Categories
Opini

Salahkah Menteri Marah-Marah?

Prestasi Hj. Ir. Tri Rismaharini memang fenomenal. Mengubah metropolitan terbesar kedua tanah air yang terkenal semerawut menjadi kota yang cantik luar dalam bukan perkara mudah. Dan ternyata meskipun beliau seorang wanita, Bu Risma sanggup mewujudkannya dalam 2 periode kepemimpinannya sebagai Wali Kota Surabaya.

Salah satu karakter yang dikenal publik adalah empatinya terhadap masyarakat dan tempramennya yang mudah meledak saat melihat pejabat yang seharusnya melayani masyarakat tidak bekerja optimal.

Marah.

Ya, benar, marah atau marah-marah. Bu Risma sepertinya bukan sosok yang saat melihat sesuatu yang nggak beres lalu menyimpan, mencatat, lalu membahasnya di kantor.

Saat dia melihat got mampet, saat itu juga dia turun sendiri, memanggil petugas terkait, kalau perlu turut pegang cangkul, baru pergi setelah selesai. Demikian pula saat dia melihat pejabat tidak bekerja dengan benar melayani warga sesuai tugasnya. Dia akan meluapkan kemarahannya saat itu juga. Meskipun itu di depan orang banyak, dia nggak peduli.

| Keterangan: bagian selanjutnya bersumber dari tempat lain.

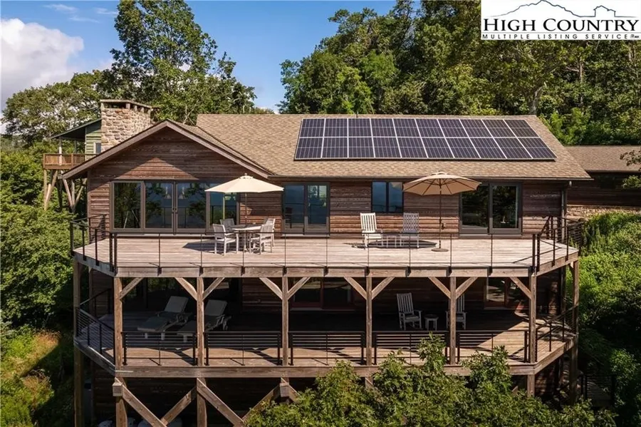 Above Pisgah National Forest, this remarkable home offers unparalleled 270-degree views, capturing vistas that stretch from the rolling Blue Ridge Mountains to the Charlotte skyline and on westward to quintessential views of Grandfather Mountain and Mt. Mitchell's dramatic sunsets. The constantly shifting light and shadows across the landscape create a living masterpiece, redefining the meaning of a million-dollar view. No detail has been overlooked in the comprehensive renovation of this mountain retreat. Designed to complement its breathtaking surroundings, the home boasts expansive newly upgraded deck space, crafted for alfresco dining, entertaining or stargazing. Large windows flood the interior with natural light, framing panoramic views from every room and creating a seamless connection to the outdoors. Every aspect of the home has been thoughtfully enhanced to achieve a balance of elegance, comfort and modern convenience. Updates include high-end appliances and utilities, handcrafted timber frame details, a custom designer walk-in closet and refined finishes throughout. These improvements are matched by technological advancements such as an 8-kilowatt solar system and LED dark-sky compliant exterior lighting, ensuring a harmonious blend of sustainability and luxury. The interior exudes warmth and sophistication, with inviting spaces designed for entertaining and relaxation. From the welcoming great room with a fieldstone gas fireplace to thoughtfully designed bedrooms, this home offers a blend of understated elegance and modern appeal. Just moments from Blowing Rock’s charming shops, fine dining and cultural attractions, this residence provides a secluded sanctuary with views that are one-of-a-kind. Experience the ultimate in luxury mountain living, crafted to perfection and ready to be enjoyed. Please see full list of seller's improvement attached to listing. Detached garage and has electric vehicle cable ready to garage.
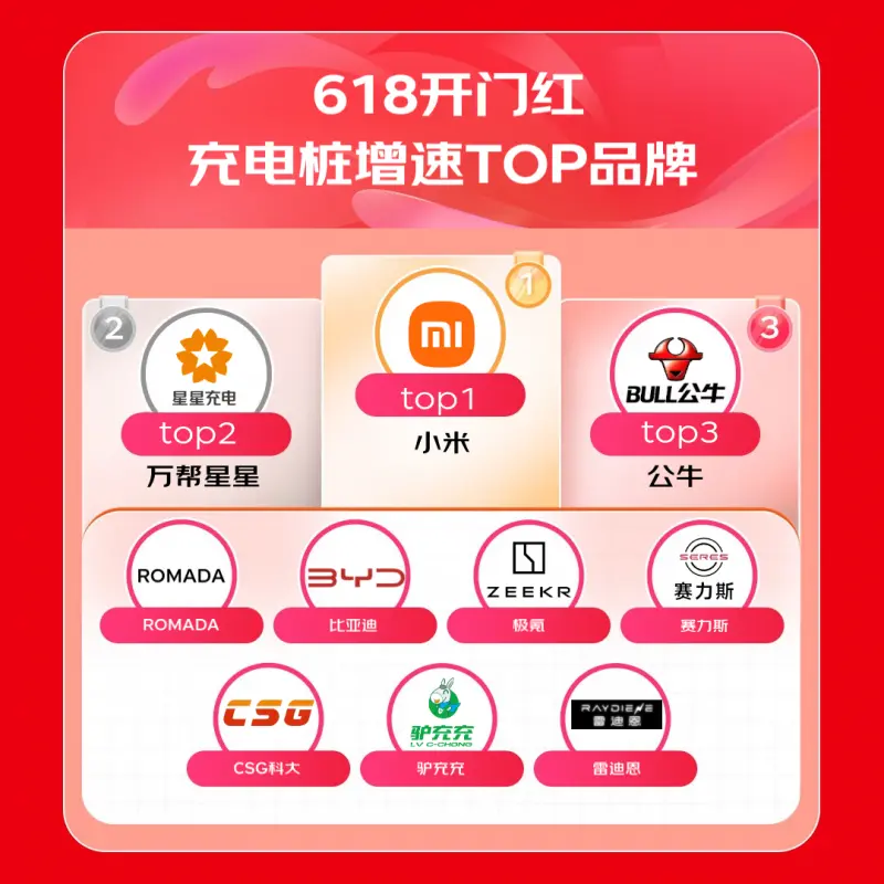 随着新能源汽车保有量攀升,驱动充电装备需求井喷。京东开门红期间,充电桩品类增速TOP榜由小米、万帮星星、公牛领衔,比亚迪、极氪等车企品牌及专业充电设备商ROMADA、驴充充等齐齐发力,新能源基础设施配套市场持续扩容。

Yang namanya karakter itu melekat. Orang-orang tua Sunda tempat saya dibesarkan bilang “Adat mah kakurung ku iga”, artinya karakter itu terkurung iga kita. Maksunya karakter seseorang itu nggak bakal, atau mungkin lebih tepatnya sangat sulit untuk diubah.

Saat dihari-hari terakhirnya memimpin Surabaya, beliau didaulat untuk membantunya menjadi Menteri Sosial menggantikan Juliari Barubara yang digeret KPK, Bu Risma sebagai Menteri Sosial tetaplah sosok yang sama dengan Bu Risma sebagai Walikota Surabaya, empati dan tempramennya sama-sama tinggi.

Di hari-hari pertama menjabat sebagai Menteri Sosial, saat melihat rakyat kesulitan empatinya membuat dia turun tangan saat itu juga. Ingat dong kasus yang kemudian dijelaskannya sebagai refleks karena kebetulan dia melihat dengan mata kepalanya sendiri dalam perjalanan dari rumah ke kantor.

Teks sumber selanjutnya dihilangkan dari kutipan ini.